| PROBLEM TO WORK ON |
Exactly the lines below from the line with "Volnočasová obuv vyvinuta" through the line with "From lying in" must make up the answer, both ends included and pictures left out.

| ENTRIES PROVIDED |
=== Section Start ===

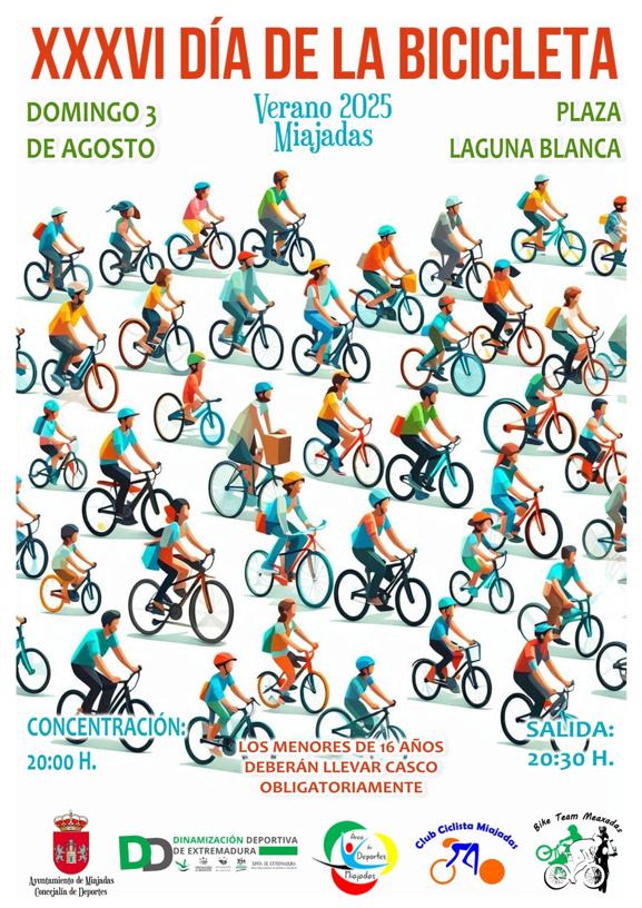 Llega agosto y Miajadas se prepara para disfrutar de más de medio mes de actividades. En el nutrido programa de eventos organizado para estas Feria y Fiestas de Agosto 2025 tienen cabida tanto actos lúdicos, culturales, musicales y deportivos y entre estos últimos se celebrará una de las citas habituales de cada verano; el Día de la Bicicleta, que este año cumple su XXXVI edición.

=== Section End ===
=== Section Start ===

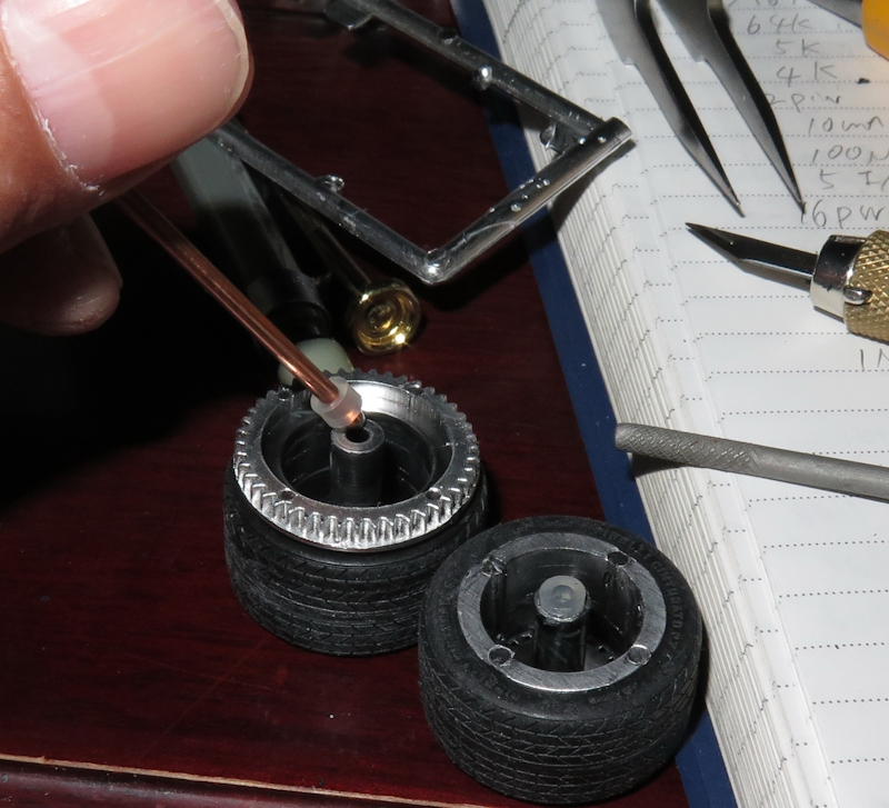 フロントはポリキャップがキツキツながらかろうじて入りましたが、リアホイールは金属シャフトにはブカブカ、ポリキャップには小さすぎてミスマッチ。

=== Section End ===
=== Section Start ===

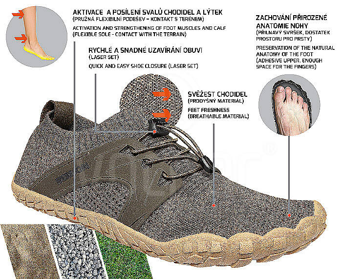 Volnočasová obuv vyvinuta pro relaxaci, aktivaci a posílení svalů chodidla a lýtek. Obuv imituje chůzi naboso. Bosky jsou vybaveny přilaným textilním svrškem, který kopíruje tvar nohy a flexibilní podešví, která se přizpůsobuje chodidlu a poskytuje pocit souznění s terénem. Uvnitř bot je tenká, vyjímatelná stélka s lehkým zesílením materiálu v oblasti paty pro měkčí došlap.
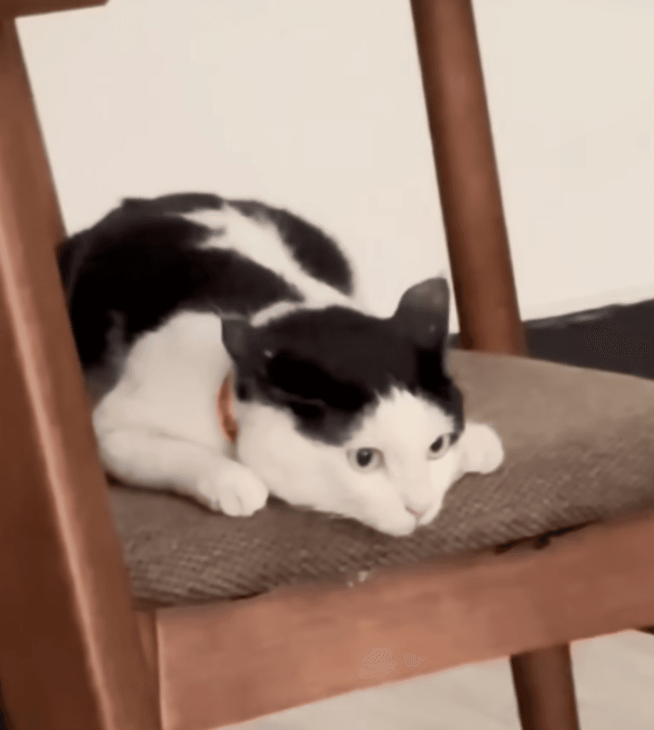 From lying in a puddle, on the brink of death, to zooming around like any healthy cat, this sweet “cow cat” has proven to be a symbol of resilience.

=== Section End ===

| RESPONSE TO THIS EXERCISE |
 Volnočasová obuv vyvinuta pro relaxaci, aktivaci a posílení svalů chodidla a lýtek. Obuv imituje chůzi naboso. Bosky jsou vybaveny přilaným textilním svrškem, který kopíruje tvar nohy a flexibilní podešví, která se přizpůsobuje chodidlu a poskytuje pocit souznění s terénem. Uvnitř bot je tenká, vyjímatelná stélka s lehkým zesílením materiálu v oblasti paty pro měkčí došlap.
 From lying in a puddle, on the brink of death, to zooming around like any healthy cat, this sweet “cow cat” has proven to be a symbol of resilience.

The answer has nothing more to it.